"Once I attended the Friday prayer at the Sultanahmet Mosque [in Istanbul]. There were tourists. Some of them knew that I would be visiting the United States the following week. They asked me how we could be so successful in healthcare and wanted me to tell about it to Obama," Erdogan said on Thursday as quoted by the newspaper.
According to Erdogan, he shared Turkey’s experience in healthcare with the US President. The Turkish president remarked that, due to what he termed a "negative reflex" in the United States, Obama "could only solve the problem partly."
Obamacare was signed into law in March 2010, and provides low cost universal healthcare to US citizens through the establishment of online health insurance marketplaces, tax-payer funded subsidies using a vastly simplified logistical system.

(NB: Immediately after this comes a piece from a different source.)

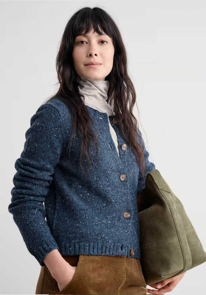 Cardigan aus 70% Merinowolle und 30% recyceltem Nylon – besonders weich, langlebig und formstabil. Kompakt gestrickt (3-Gauge) mit dezent melierter Optik, die herrlich warm hält. Schmaler, gepflegter Sitz mit hohem Rundhals, durchgehender Knopfleiste und Rippbündchen.
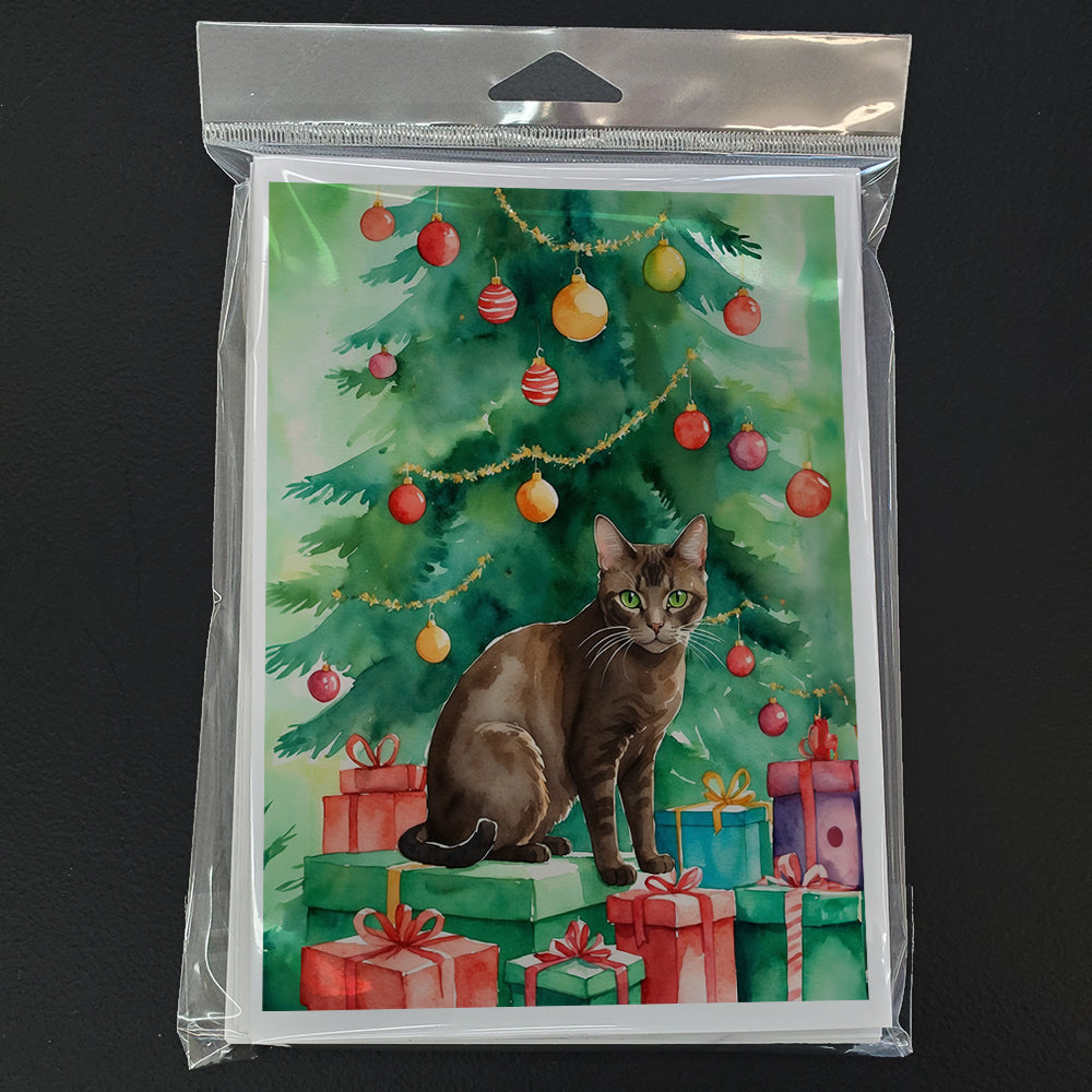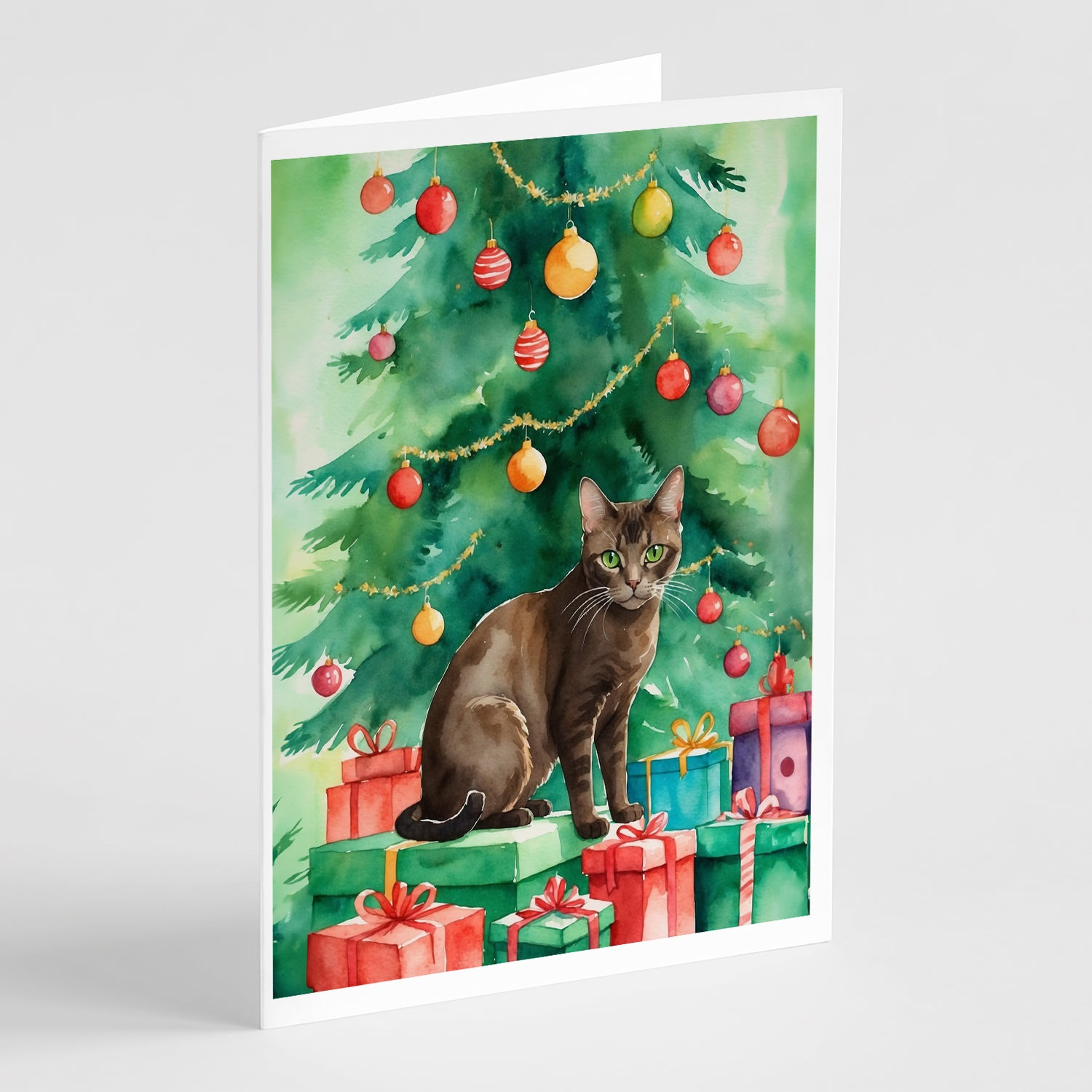 Havana Brown Cat By the Christmas Tree Greeting Cards Pack of 8

Two US government programs implemented through Obamacare, Medicare and Medicaid, provide insurance to an additional 123 million US citizens, according to the White House.
Obamacare has been at the center of a heated dispute between President Obama and some members of the opposition Republican party. The opposition party has vowed to attempt another in a long series of failed motions to repeal the healthcare law following their recent majority win in the House and Senate in November 2014 midterm elections. Republicans claim that the healthcare law, which benefits millions of poor and low-income people in the US, is unconstitutional and a burden on the US economy.
On March 3, US Senator Ted Cruz introduced the Health Care Choice Act to as an alternative to the existing Obamacare program.